Brief: Print exactly the line that contains "Po zwilżeniu pastylki", then every following line through the end of the material; include nothing else and no pictures.

Given information:
::::

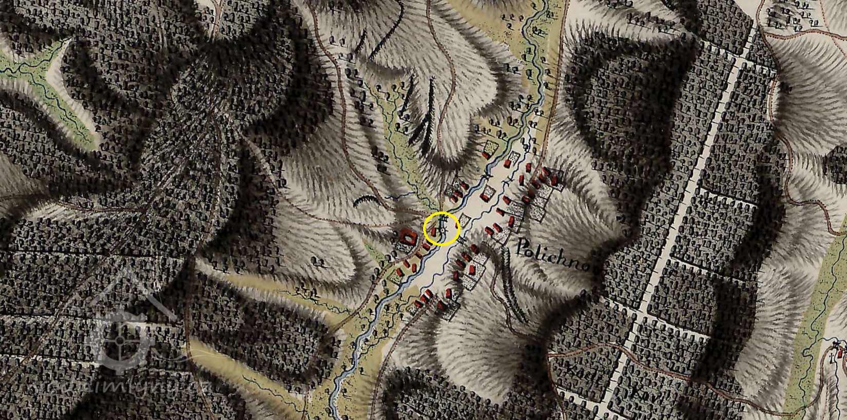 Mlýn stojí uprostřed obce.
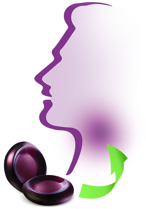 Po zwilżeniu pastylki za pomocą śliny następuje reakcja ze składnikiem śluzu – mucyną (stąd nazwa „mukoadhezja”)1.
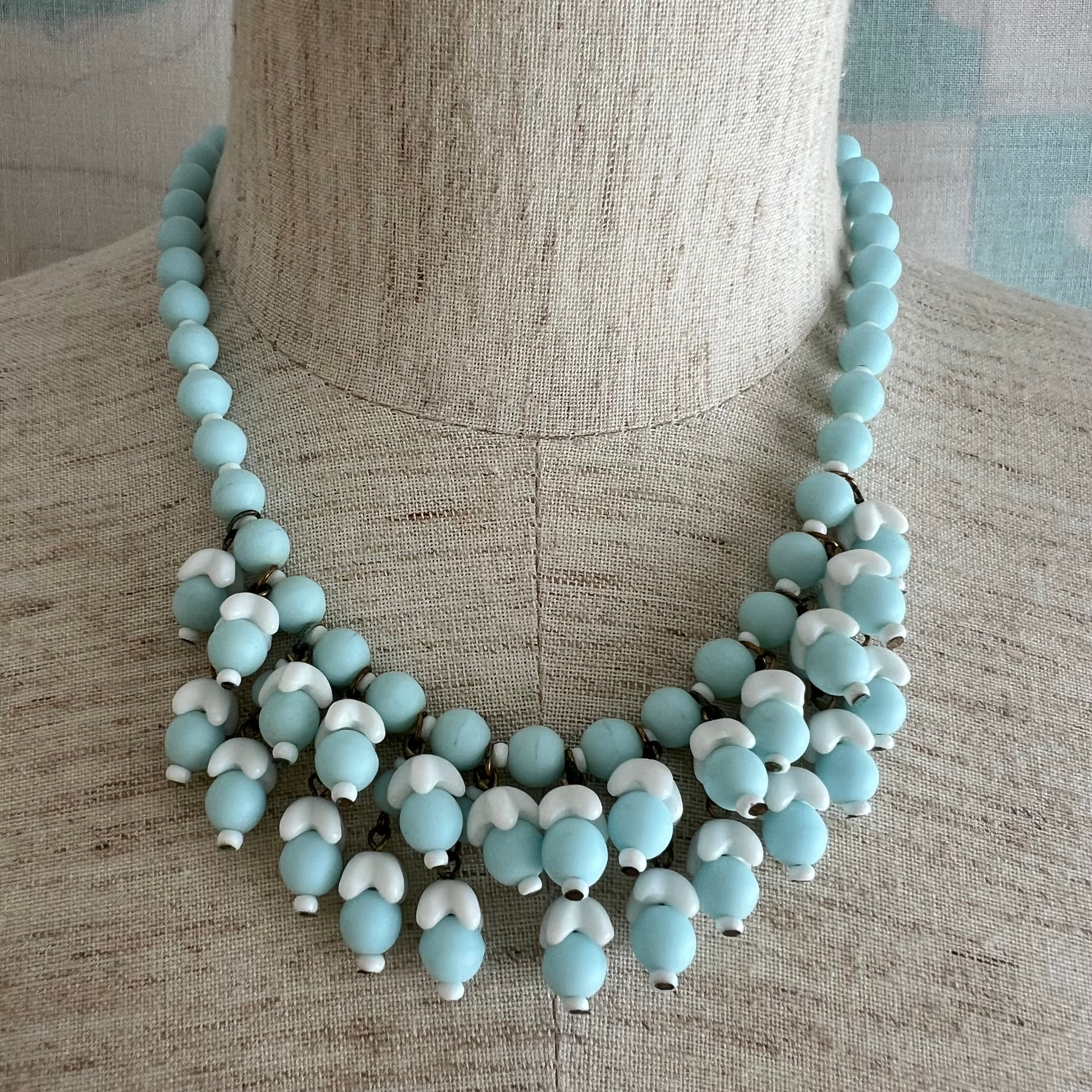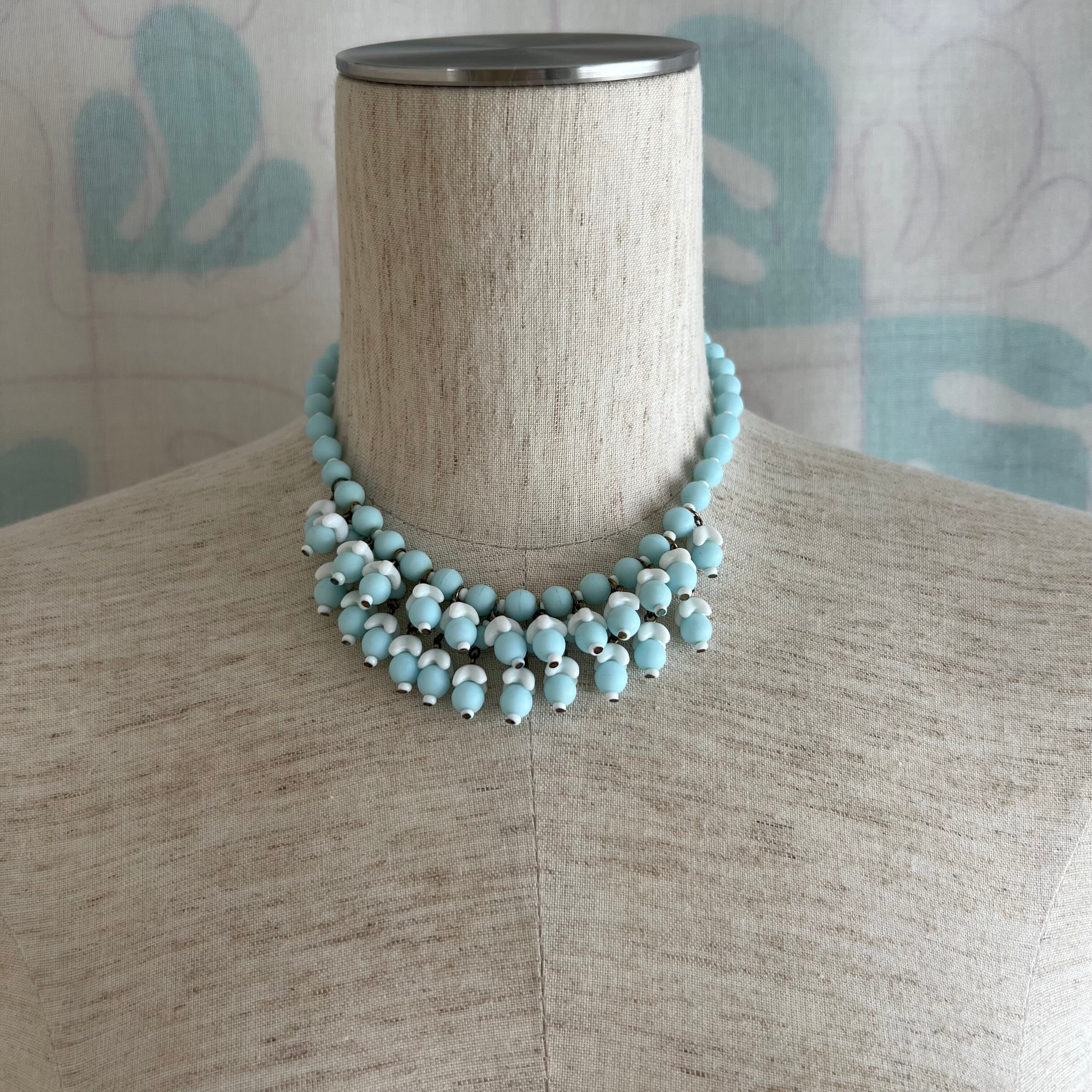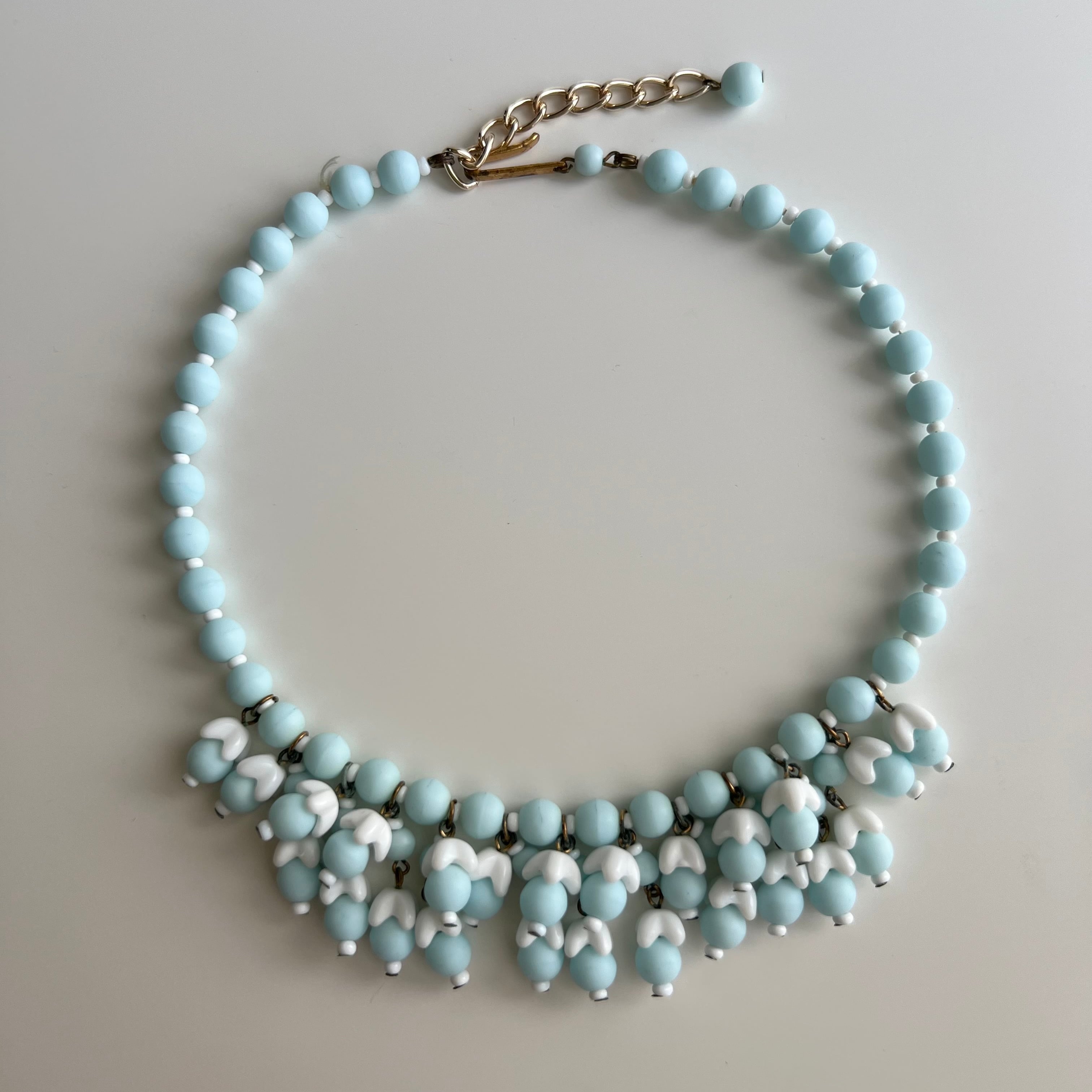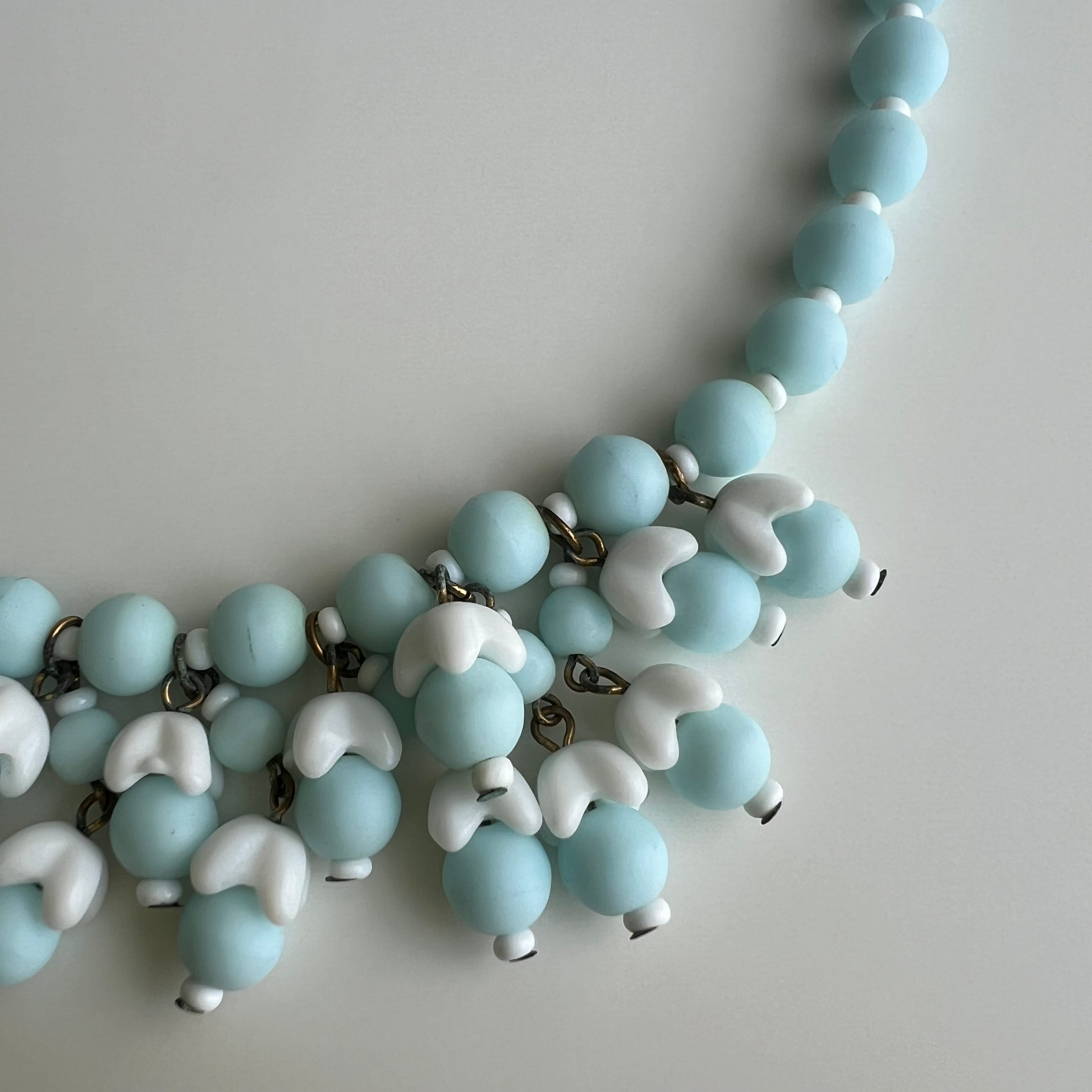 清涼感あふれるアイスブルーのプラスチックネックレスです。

::::

Solution for this problem:
 Po zwilżeniu pastylki za pomocą śliny następuje reakcja ze składnikiem śluzu – mucyną (stąd nazwa „mukoadhezja”)1.
 清涼感あふれるアイスブルーのプラスチックネックレスです。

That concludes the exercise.